Compute Stochastic Profile

Description

Computes comprehensive stochastic metrics for a sample compared to controls.

Usage

compute_stochastic_profile(sample_values, pc_values, nc_values)

Arguments

sample_values

Numeric vector of sample measurements

pc_values

Numeric vector of positive control measurements

nc_values

Numeric vector of negative control measurements

Value

List containing comprehensive stochastic metrics:

mean, var, cv, fano: Basic sample statistics
cv_ratio_pc, cv_ratio_nc: CV ratios vs controls
fano_ratio_pc: Fano factor ratio vs PC
stochastic_index: Normalized position between NC and PC variance
ssmd_vs_nc, ssmd_vs_pc: SSMD vs controls
snr: Signal-to-noise ratio vs NC
js_vs_pc, js_vs_nc, js_ratio: Jensen-Shannon metrics
energy_vs_pc, energy_vs_nc, energy_ratio: Energy distance metrics
wasserstein_vs_pc, wasserstein_vs_nc, wasserstein_ratio: Wasserstein metrics
log_dist_pc, log_dist_nc: Log-space Euclidean distances

Examples

set.seed(42)
pc <- rnorm(20, 100, 10)
nc <- rnorm(20, 20, 5)
sample <- rnorm(20, 80, 15)
profile <- compute_stochastic_profile(sample, pc, nc)

Proper Scoring Rules

Description

Proper scoring rules for evaluating probabilistic forecasts.

Usage

crps_empirical(forecast_samples, observation)

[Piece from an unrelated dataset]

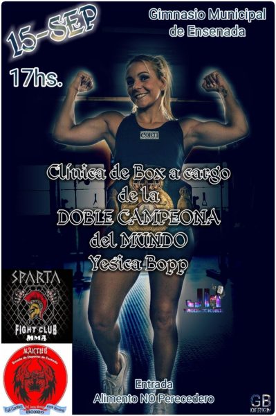 La doble Campeona en la categoría “minimosca” de la Asociación Mundial y de la Organización Mundial de Boxeo, Yesica Bopp, llegará a Ensenada a dar una “Clínica” de este deporte, donde vecinos y fanáticos podrán disfrutar de sus experiencias y conocer personalmente a esta gran referente del Box universal.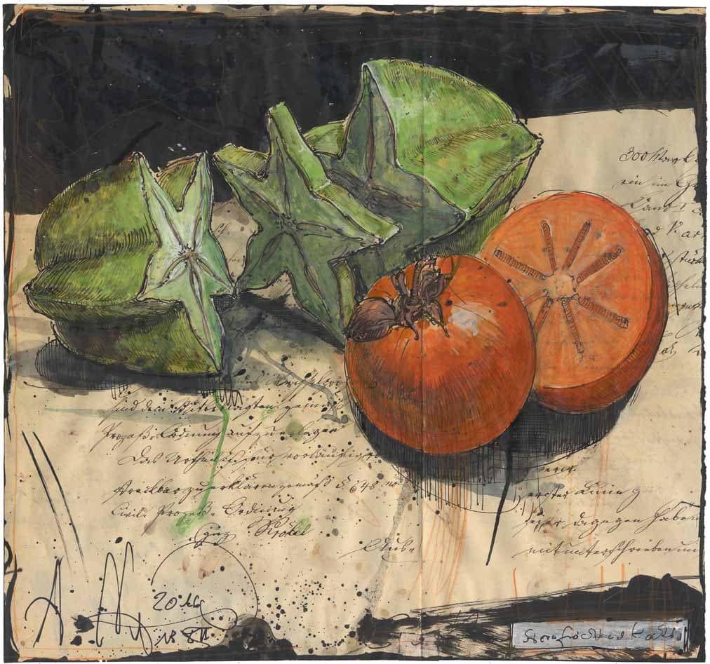 Sternfrucht und Kaki16. Dezember 201616. Dezember 2016 Federzeichnung, Farbstift, AquarellWvz. 5049Format: 330 x 350 mmDezember 2016 Vorheriger BeitragArtischocke und lange ZwiebeleiNächster BeitragTrauben im Dunkel

dawid_sebastiani(observation, predicted_mean, predicted_var)

log_predictive_score(observation, predicted_mean, predicted_sd)

interval_score(observation, lower, upper, alpha = 0.1)

Arguments

forecast_samples

Numeric vector of samples from forecast distribution

observation

Single observed value

predicted_mean

Predicted mean

predicted_var

Predicted variance

predicted_sd

Predicted standard deviation

lower

Lower bound of prediction interval

upper

Upper bound of prediction interval

alpha

Nominal miscoverage rate (default 0.1 for 90% interval)

Value

All functions return a single numeric value or NA_real_ if inputs are invalid.

crps_empirical returns a non-negative score (lower is better).

dawid_sebastiani returns the DS score (calibration metric).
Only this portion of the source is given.